Another demonstration that lower cost clean H2 could be produced in large quantity, with surplus/excess REs, for fixed and mobile FCs.

How soon can this process by mass reproduced together with FCEVs of all sizes?


We could see point of use hydrogen with renewable power contracts, FC buses and delivery trucks, cleaner air, less imported oil in the coming years.


How soon can this process by mass reproduced together with FCEVs of all sizes?

Just as soon as it makes sense economically. Fuel cells are getting better but they have been under development since 1838 (no that is not a typo). There are places where they make sense now. Spacecraft, maybe non-nuclear submarines, maybe drones, etc. As a fuel, hydrogen has a lot of problems. All this research did is make the production a very small amount more efficient. You still need to use the energy to split the water which is more than you will get back and need to either compress it or even more difficult, liquefy it. This is more energy gone. Do we have excess renewable energy? Where? For the most part cars, delivery trucks, and transit buses can run more economically on batteries. Maybe by the time fuel cells are ready for prime time, some one will have figured out how to make rechargeable lithium air batteries which will largely negate the need for fuel cells.

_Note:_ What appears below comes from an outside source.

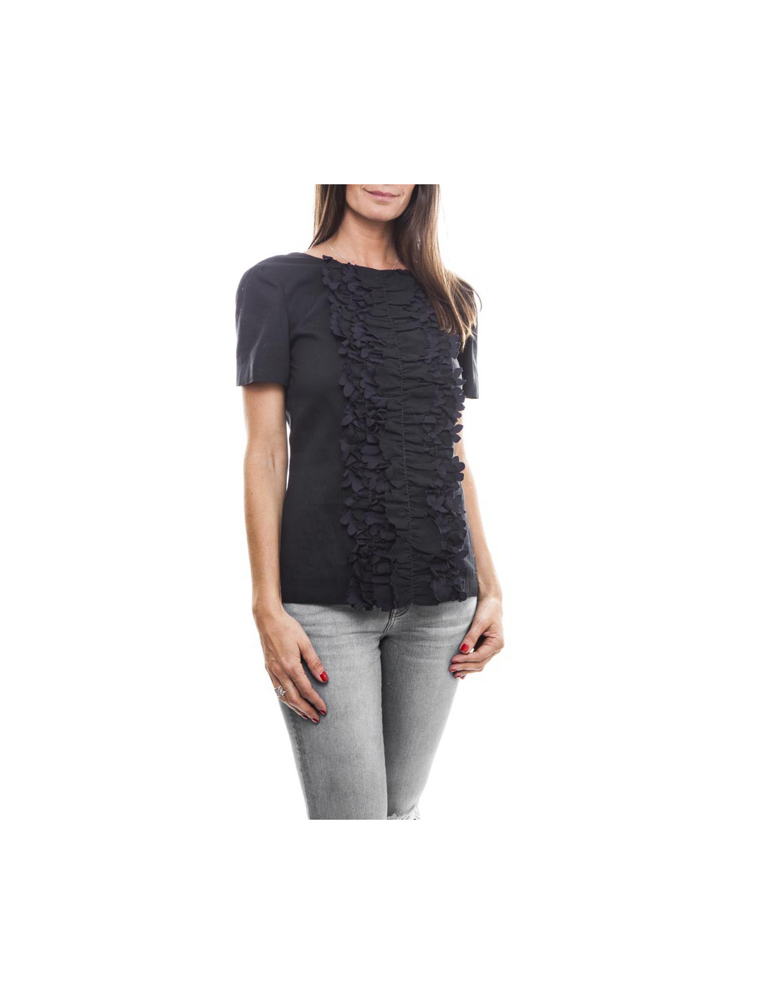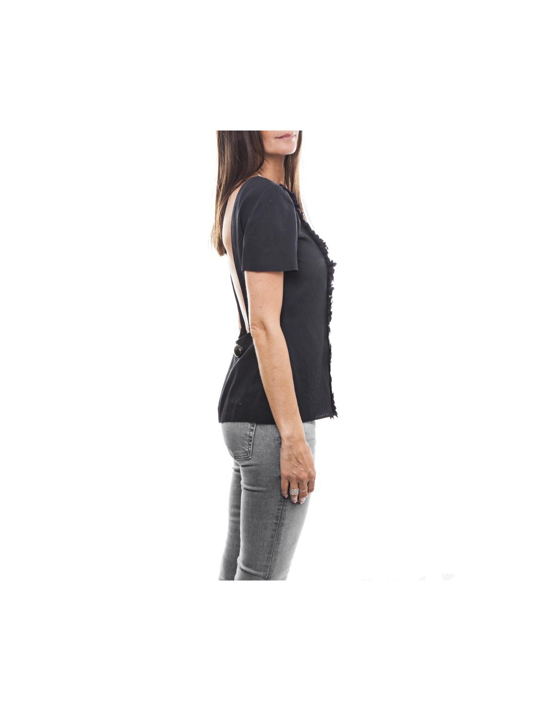 Très belle blouse dos nu Chanel en coton et soie bleu marine et encre.

Your post that fuel cells have been under development since 1838 with the implication that they have not progressed very well forgot to mention that batteries have been under development since 1800! :-)

And electrified delivery trucks for anything but short routes are tending to make use of fuel cells, whether by La Poste and Michelin, UPS or the grocery delivery truck on this forum today, where the fuel cell will also provide cooling.


Economics is ONE way to look at an issue, it is NOT the only way. Many issues need to be resolved, but they are not the most profitable. Health, safety, national security, energy security and other consideration are taken into account.

William Stockwell

Right now I think the best combination might be batteries and methanol fuel cells.